Она устроила для своих знатных посетителей живые картины по античным рисункам и слепкам древних греков и придавала им особенную естественность тем, что сирены, изображавшие фигуры в картинах, одевались в трико мраморного цвета. В большом зале пальм, куда мы еще отправимся во время маскарада, была устроена сцена, на которой представлялись живые картины, удивлявшие зрителей своей необыкновенной красотой; и здесь-то можно было вполне оценить пластические формы обнаженных сирен и вдоволь ими восхититься.

Доны должны были отдать справедливость знанию и вкусу госпожи Делакур, потому что ее сирены были одна другой красивее и обольстительнее.

В зимние вечера давались здесь балы, представления в соблазняющих костюмах и вообще всевозможные увеселения, какие только можно придумать для карнавала. Прелестная Эльвира скоро наскучила своему обожателю, и госпожа Делакур серьезно задумалась над приисканием новых средств для его увлечения.

Однако же прошло уже несколько дней, а она ничего не могла придумать, как вдруг случаи привел в ее дом личность, на помощь которой она почти не смела рассчитывать.
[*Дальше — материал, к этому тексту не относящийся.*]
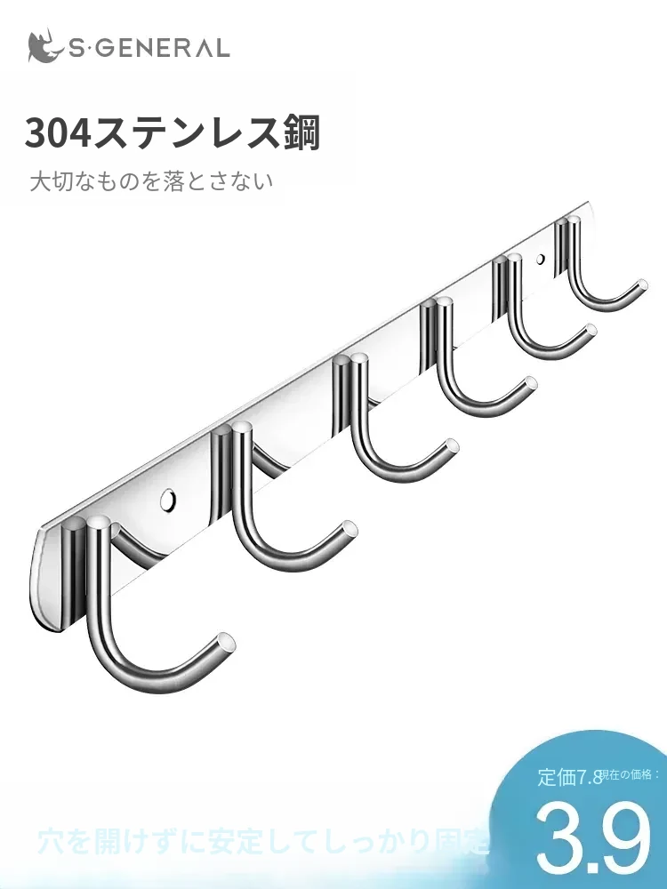 強力粘着フック - キッチン・バスルーム用壁掛けフック、304ステンレス製で耐荷重性抜群!穴を開けずに簡単取り付け、スッキリ収納でお部屋を美しく保つ!

В ночь после праздника святого Франциско, когда в залах госпожи Делакур представлялись живые картины, в которых на этот раз для Франциско де Ассизи участвовали знаменитые наездницы цирка Олидия и Жозефа, один из ливрейных лакеев вызвал хозяйку в парк, где ее ожидали две женщины, настойчиво требовавшие переговорить с ней. Госпожа Делакур с досадой последовала за лакеем. Она испугалась, увидав перед собой старую одноглазую Марию Непардо, покрытую лохмотьями и с ней бедно одетую девушку. Госпожа Делакур принуждена была любезно улыбнуться, потому что эта одноглазая обитательница острова на Мансанаресе оказала ей несколько лет тому назад такую важную услугу, что она поневоле должна была простить своей помощнице это внезапное появление.

Госпожа Делакур подумала, что старуха обращается к ней с просьбой о подаянии, поэтому она с любезнейшей улыбкой вынула из кармана платья туго набитый кошелек и вынула из него несколько золотых монет. Одноглазая Мария Непардо, стоявшая рядом с дрожавшей Энрикой, жадно косилась своим единственным глазом на блестящие монеты и не противилась принять их от госпожи Делакур, когда последняя подала их ей со словами:

— Кажется, дела ваши не очень хороши, Мария Непардо. Я обязана вам за старое, возьмите эти деньги.

Старуха покачала головой.

— Мы пришли к вам не за деньгами, — сказала она, — а за кровом. Я знаю вас и уверена, что вы не вытолкнете нас за дверь в эту холодную ночь, когда нас преследуют сыщики инквизиции.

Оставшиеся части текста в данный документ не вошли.